C’est alors que s’était déroulée une partie serrée de « double jeu » par télégrammes, entre l’amiral Robert et Vichy sous le « contrôle » impitoyable de l’occupant.
Bien sûr, l’amiral Robert fit en sorte de manœuvrer, de tenir le plus longtemps possible d’éviter d’envoyer par le fond, le trésor de la Banque de France. Dans ses télégrammes au gouvernement de Vichy, il précise même, « vous avez compris la manœuvre politique par laquelle je m’étais proposé d’éluder les ordres de sabordage et d’immersion de l’or, évidemment dictés par l’occupant, sans que cette décision entraîne des représailles de ce dernier contre la métropole. Bien que cette manœuvre ait été éventée au dernier moment, son résultat n’en a pas moins été atteint… »
Manœuvre qui rendit fou de rage le dit occupant qui ne manqua pas d’en marquer son dépit. L’or français n’irait pas au fond de l’océan, mais on avait eu chaud. Quelle aventure que ce transfert du reste depuis 1940 !
Revenons un instant sur son rocambolesque trajet de la France aux Antilles, de Brest à Fort-de-France. Le 10 juin 1940 donc,un chargement de 350 tonnes d’or fin est embarqué à Brest, à bord du croiseur Émile Bertin. Ce bâtiment, commandé par le capitaine de vaisseau Battet était, en effet, arrivé à Halifax le 18 juin 1940… Vu la demande d’armistice faite par la France et constatant l’évolution des relations anglofrançaises qui en découlait, le commandant Battet avait cru bon de demander à l’amirauté française s’il devait y débarquer son chargement, ou attendre de nouvelles instructions. La réponse arriva le 21 juin sous la forme : « Ralliez Fort-de-France avec votre chargement précieux.«
A ce moment l’amiral anglais commandant la base, après plusieurs prétextes « cousus de fil blanc », lui avait avoué avoir reçu de Londres l’ordre d’empêcher l’appareillage des navires français. Aussitôt le commandant Battet avait rendu compte à l’amirauté française : « Autorités navales anglaises me font savoir que, par ordre de leur gouvernement, elles s’opposeront par la force à mon départ. Stop. Ai informé ambassade de France à Washington et amiral Antilles. Stop. Je prends vos ordres pour sortir par la force. Stop. Chances de réussite : une sur trois ».

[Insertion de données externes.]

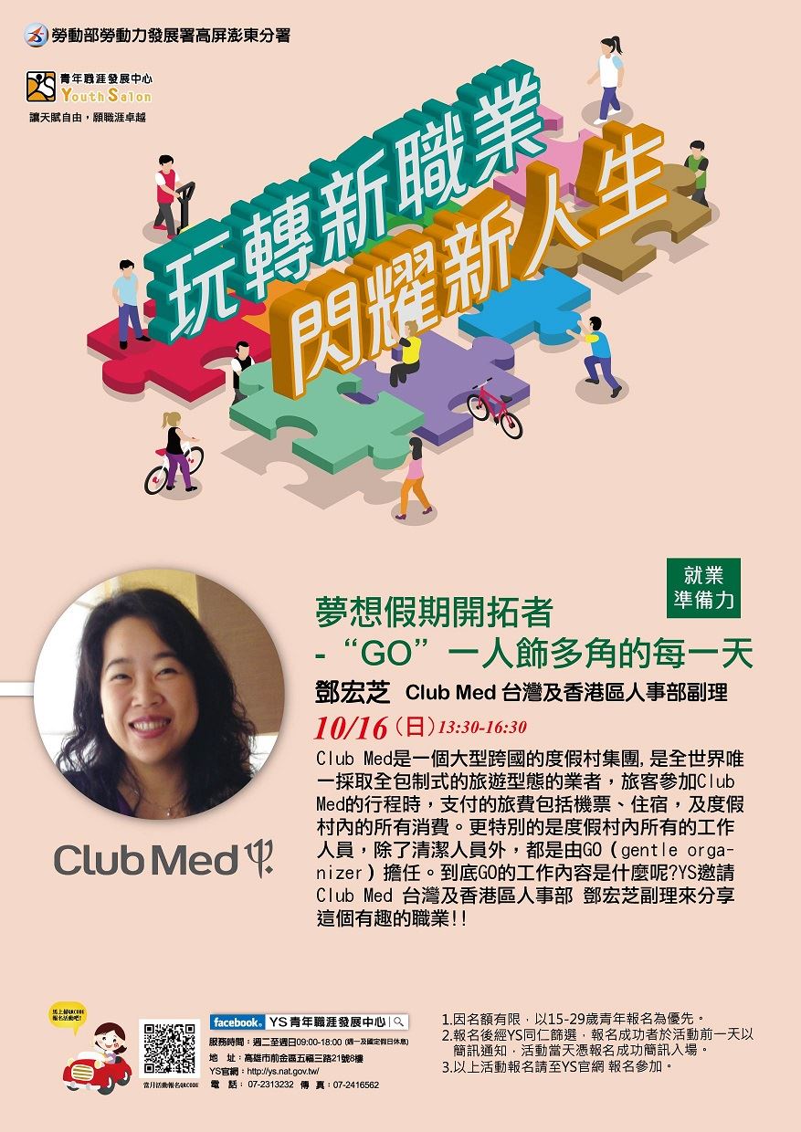 Club Med是一個大型跨國的度假村集團,是全世界唯一採取全包制式的旅遊型態的業者,旅客參加Club Med的行程時,支付的旅費包括機票、住宿,及度假村內的所有消費。更特別的是度假村內所有的工作人員,除了清潔人員外,都是由GO(gentle organizer)擔任。到底GO的工作內容是什麼呢?YS邀請Club Med 台灣及香港區人事部 鄧宏芝副理來分享這個有趣的職業~~

L’amiral Robert, commandant en chef aux Antilles françaises était intervenu près de l’amiral Purvis, commandant en chef anglais de l’Ouest Atlantique, et l’amirauté française avait prié l’amiral Odend’al, chef de la Mission navale française à Londres, de protester auprès de l’amirauté britannique.
Sur place le commandant Battet était revenu à la charge près de l’amiral anglais Bonham-Carter :
– Mettez-vous à ma place, amiral, lui avait-il dit. Si vous receviez, de votre amirauté, l’ordre d’appareiller et que l’autorité étrangère locale veuille vous empêcher de le faire… que feriez-vous ?
Avec une grande émotion l’amiral anglais lui avait répondu :
– Je ferai comme vous !…
Puis, après un instant de silence, il avait ajouté vivement :
– Allez ! Partez vite… avant que je reçoive confirmation formelle d’ordres qu’il me serait impossible d’éluder… »
C’est ainsi que, pris en filature, dès sa sortie d’Halifax, par le croiseur lourd Devonshire jusqu’à la hauteur des Bermudes, le Bertin avait rallié Fort-de- France, avec son « chargement précieux » le 24 juin 1940.
LA GUERRE EST FINIE
La guerre est finie ! En Europe comme ailleurs, et comme aux Antilles. Nous sommes en 1946, entre-temps, les caisses d’or vont changer de lieu de résidence. On les porte à bord du croiseur Montcalm. Trois-cents soldats antillais amenèrent par camion les fameuses caissettes et caisses du fort Desaix jusqu’au quai du Carénage, où les hommes en shorts kaki et calots bleu foncé à l’ancre d’or de l’infanterie de marine les passèrent aux marins à pompons rouges échelonnés depuis les hublots jusqu’aux soutes de 152 mm.
Cette activité laisse présager un départ imminent. En effet, l’ordre est donné au Montcalm de faire route directe sur Cherbourg. Le croiseur reçoit ce message à la Guadeloupe, le dernier jour de février 1946. Il précisait l’étape finale d’une mission confiée à notre croiseur, un mois plus tôt à Toulon, et consistant à rapatrier le fameux « or de la Martinique ».
Il s’agissait des 350 tonnes d’or fin embarquées à Brest le 10 juin 1940 à bord du croiseur Émile Bertin et que les événements tragiques avaient conduites dans ce port. Le Montcalm arborait alors la marque du contre-amiral Jaujard ayant sous ses ordres la division composée de notre croiseur, du Georges Leygues et de la Gloire, qu’il commandait depuis les opérations de débarquement en France.
A bord du navire, la Banque de France, avait pris soin de placer un de ses représentants, avec mission d’accompagner, de surveiller peut-être, le précieux trésor, qui faisait route vers la France, après avoir échappé à l’occupant allemand, aux torpilles sous l’Atlantique à la convoitise des Alliés. Mais la diplomatie qui avait remplacé la guerre et les conflits armés, venait compliquer encore l’aventure du trésor français.
C’est que la France devait de l’argent, beaucoup d’argent, aux Américains. Le commandant du Montcalm suggéra, puisque le navire ne passait pas loin de New-York, de laisser à titre de provision une partie du trésor en Amérique. Mais la banque veillait et leur représentant expliqua que le gros de la cargaison étant composé de pièces et de médailles d’or de toutes sortes, y compris de dollars-or qui, d’après la loi monétaire américaine, sont comptés à la valeur du dollar-papier, la direction de la Banque, pour éviter toutes contestations sur les taux d’or fin et les cours de ces différentes pièces et médailles, décide de faire ramener tout ce chargement à Paris où pièces et médailles seront remises à la Monnaie qui les transformera en lingots ayant les dimensions, le poids et le taux d’or fin prévus par les règlements internationaux et, par suite, ne pouvant prêter à aucune discussion.
Les États-Unis attendraient un peu. Mais le trésor de la Banque de France, après avoir échappé à quantité de dangers, avait de grandes chances, si l’on peut dire, de fondre comme neige au soleil. Même si pendant toute la durée de la Deuxième Guerre Mondiale, le veau d’or français avait réussi à être toujours debout.